A man who killed a pet dog by throwing it down a height of two storeys, was handed a suspended jail term on Monday after a court established that the act was committed under the influence of anti-depressants and alcohol.
The incident took place one September evening last year when the 50-year old Marsascala resident flung the animal down to its death.
Police subsequently reported having come across the man in a bad state.
He admitted having ingested anti-depressants and alcohol and broke down in tears as he gave his account of the incident, visibly in a depressed state.
The man was taken to hospital and placed under observation.

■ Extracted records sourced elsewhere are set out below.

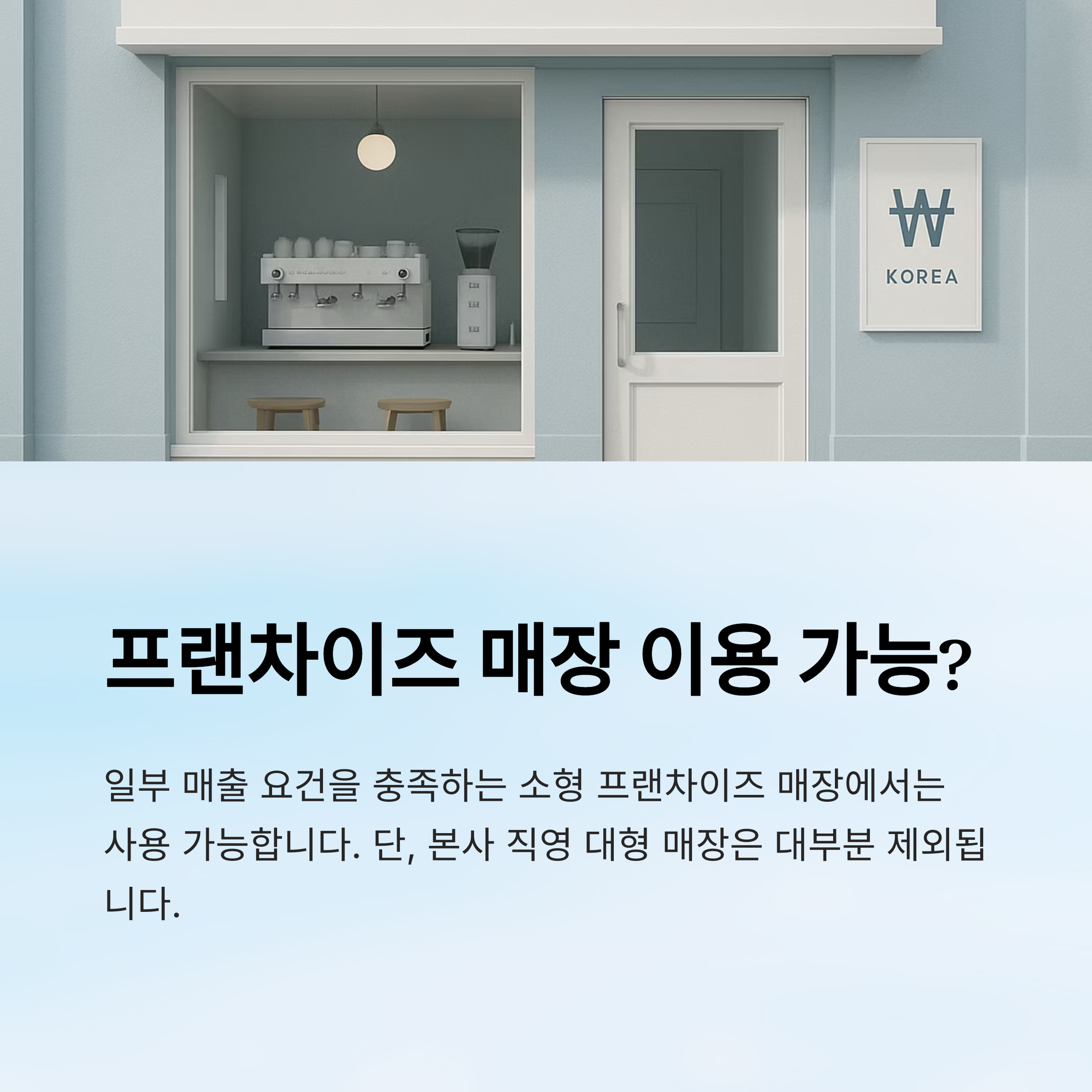 A2. 일부 매출 요건을 충족하는 소형 프랜차이즈 매장에서는 사용 가능합니다. 단, 본사 직영 대형 매장은 대부분 제외됩니다.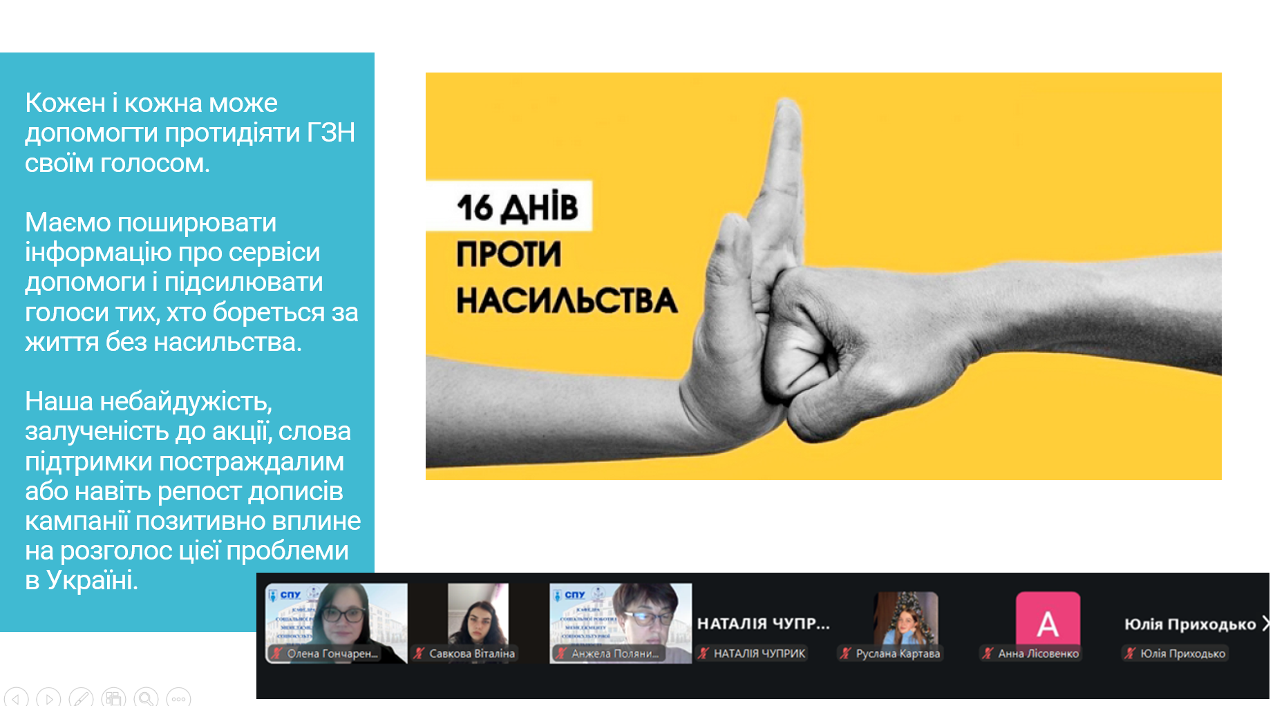 Саме тому важливо збільшити розуміння та обізнаність про всі форми насильства у суспільстві, нагадати людям про те, що насильству немає виправдання, а кожна громада, кожна область та установа – мають бути вільними від насильства у будь яких його проявах.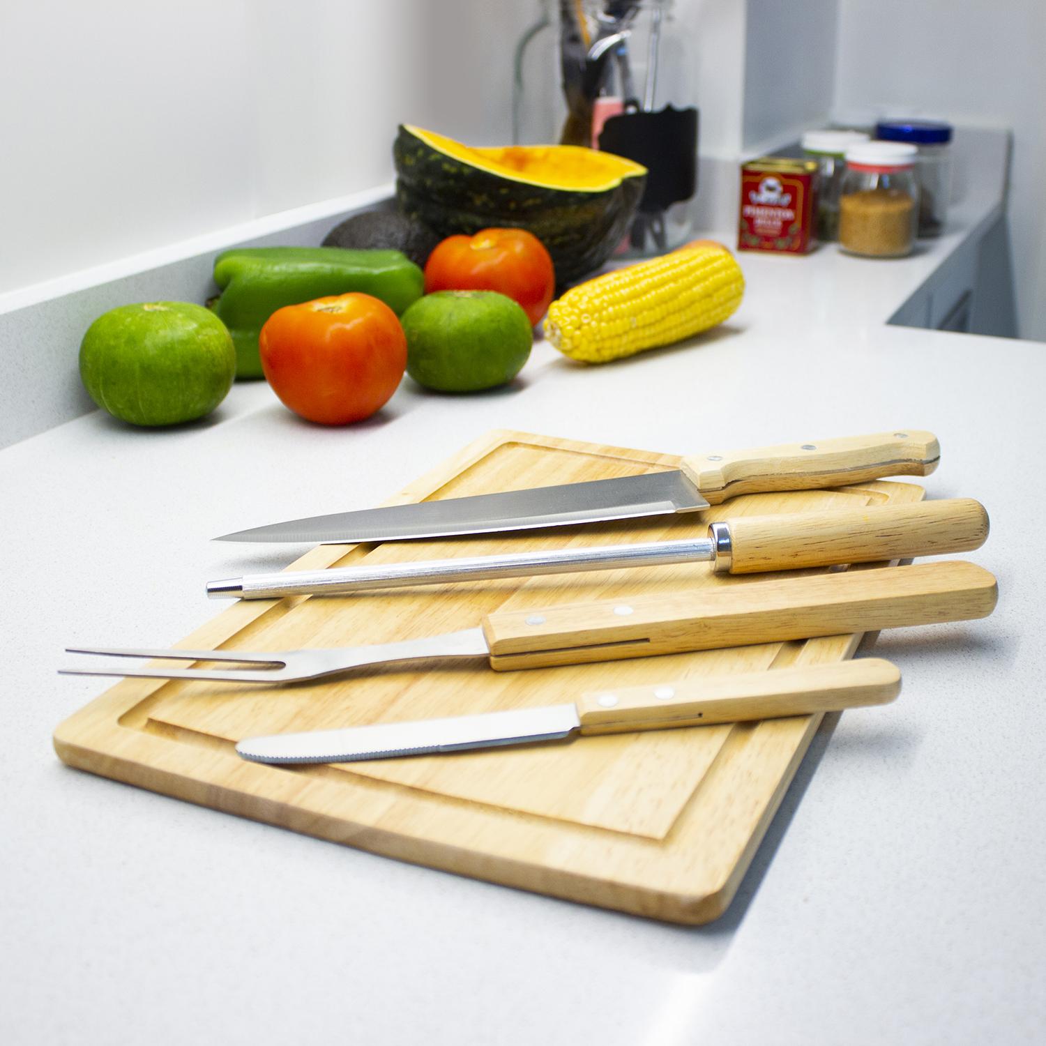- Set de asado de 5 piezas: Tabla de bambú 32,5 x 21,5 x 1,1 cm.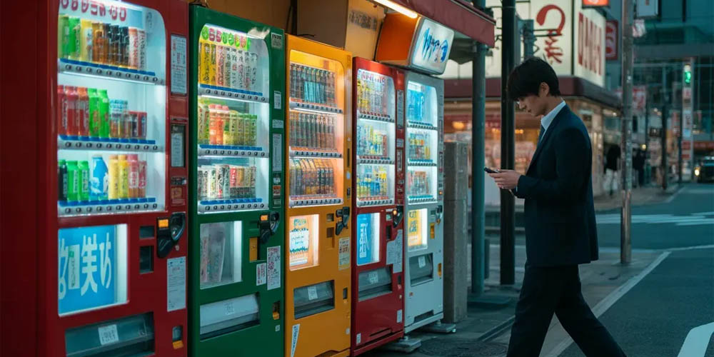 जापानमा भेन्डिङ मेसिनहरू अत्यन्तै सामान्य छन्‌-यी पोस्ट अफिस, पार्क, रेल स्टेसन, सडक किनार मात्र होइन, माउन्ट फुजीजस्ता दुर्गम स्थानहरूमा समेत पाइन्छन् । तर अहिले उपभोक्ताको खर्च गर्ने व्यवहार बदलिँदै जाँदा यो व्यवसाय दबाबमा परेको छ ।
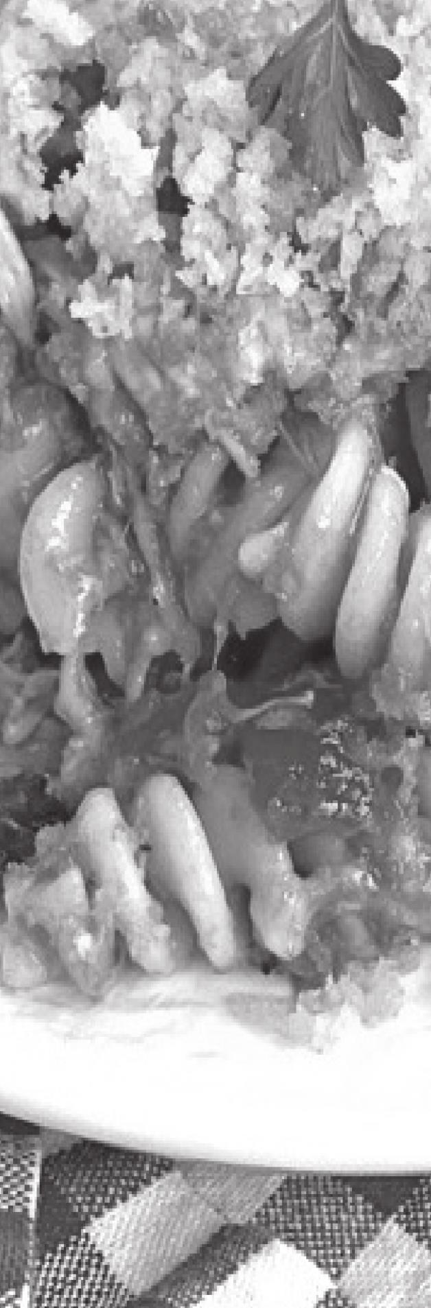 Ingredients: • 1 small rotisserie chicken (pulled into small pieces) • 1/2 lb pasta (about 3 cups dry) • 1 (24oz) jar marinara or spaghetti sauce • 2 cups shredded mozzarella cheese • 1/2 cup grated parmesan • 3/4 cup panko bread crumbs • 2 tbsp melted butter • 1 tsp Italian seasoning • 1/2 tsp garlic powder Instuctions: • Preheat oven to 350 degrees and grease a medium size baking dish • Cook and drain the pasta according to package directions. • Place the drained pasta back into the pot and mix with the marinara sauce, chicken, HALF of the mozzarella, HALF of the parmesan, and 1-2 tsp of Italian seasoning.

Five months later when facing proceedings in court, the accused admitted to his wrongdoing, confirming his guilty plea even after being warned by the magistrate about the legal consequences of his admission.
“Such actions divest a person from every shadow of humanity,” remarked the court, when delivering judgment.
Throwing the dog down a height of two storeys was indeed wicked and cruel, said the court, adding that the punishment was to convey a “clear and unequivocal message that in a civilized society, such behaviour could never be tolerated,” Magistrate Donatella Frendo Dimech said.
On the other hand, the court said it could not ignore the fact that at the time of the “shocking” episode, the accused was depressed and had mixed medication and alcohol.
In light of this, as well as his very early guilty plea and given that his criminal record was not alarming, the court refrained from applying an effective jail term, imposing instead the maximum possible term of two years suspended for four years, together with a fine of €8,000.
The man was also placed under a two-year Treatment Order for psychiatric assistance.
The court said it could not ban the accused from keeping a dog as a pet, pointing out that the Animal Welfare Act, under which the charges had been issued, did not provide the court with discretion to order a ban, similar to that envisaged under the Electronic Identification of Dogs regulations.
The court ordered that the legislative shortcoming be brought to the attention of the minister responsible for animal welfare, the justice minister, the attorney general and the Animal Welfare Commissioner.